Ana Sayfa Arama
Üyelik
Üye Girişi
Yayın/Gazete
Yayınlar
Kategoriler
Servisler
Nöbetçi Eczaneler Sayfası Nöbetçi Eczaneler Hava Durumu Namaz Vakitleri Gazeteler Puan Durumu
WhatsApp
Sosyal Medya
Uygulamamızı İndir

Levent Şahin: ‘Kadıköy’deki Fenerbahçe zaferi, Başakşehir maçı sonrası gelen şampiyonluk! Ozan Kabak, Arda Güler ve Kerem…
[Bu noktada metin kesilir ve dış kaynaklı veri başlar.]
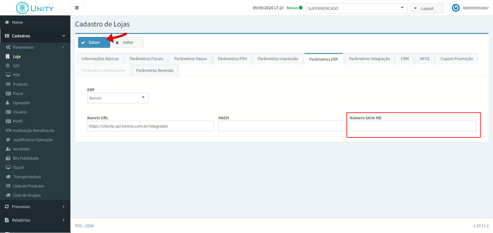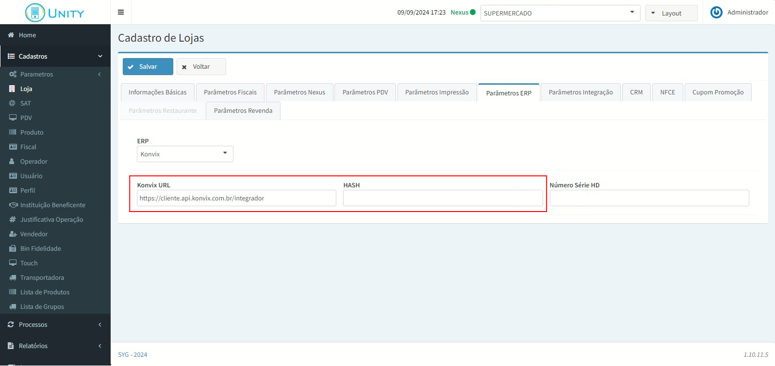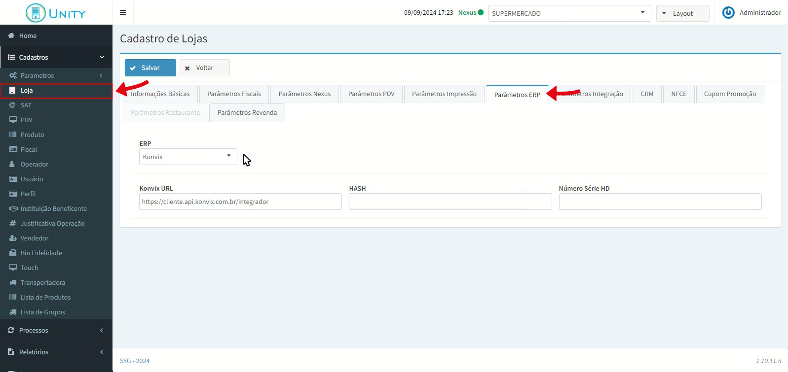 1. No Unity, abra a tela Cadastro de Loja, aba Parâmetros do ERP e selecione o ERP Konvix.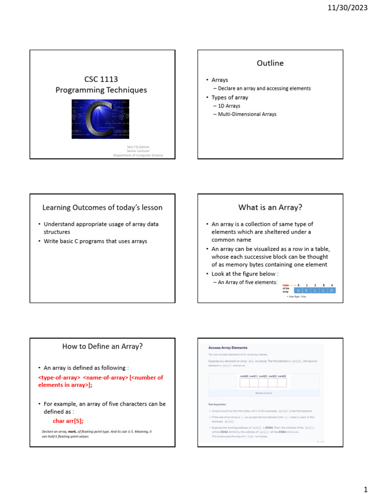 Programming Techniques – Declare an array and accessing elements

Uzun yıllar Fatih Terim’le hem A Ulusal Ekip’te hem de Galatasaray’da çalışan ve muvaffakiyetten muvaffakiyete koşan Levent Şahin, sarsıntıdan etkilenen İskenderunspor’un başına ‘memleket borcu’ diyerek geçti. Bu jestiyle alkışları toplayan deneyimli hoca aldığı sonuçlarla da kendisini kanıtladı. Şahin, FANATİK’e hem bu duygusal süreci anlattı hem de geçmişteki muvaffakiyetlerinin perde gerisini açıkladı. İşte ayrıntılar…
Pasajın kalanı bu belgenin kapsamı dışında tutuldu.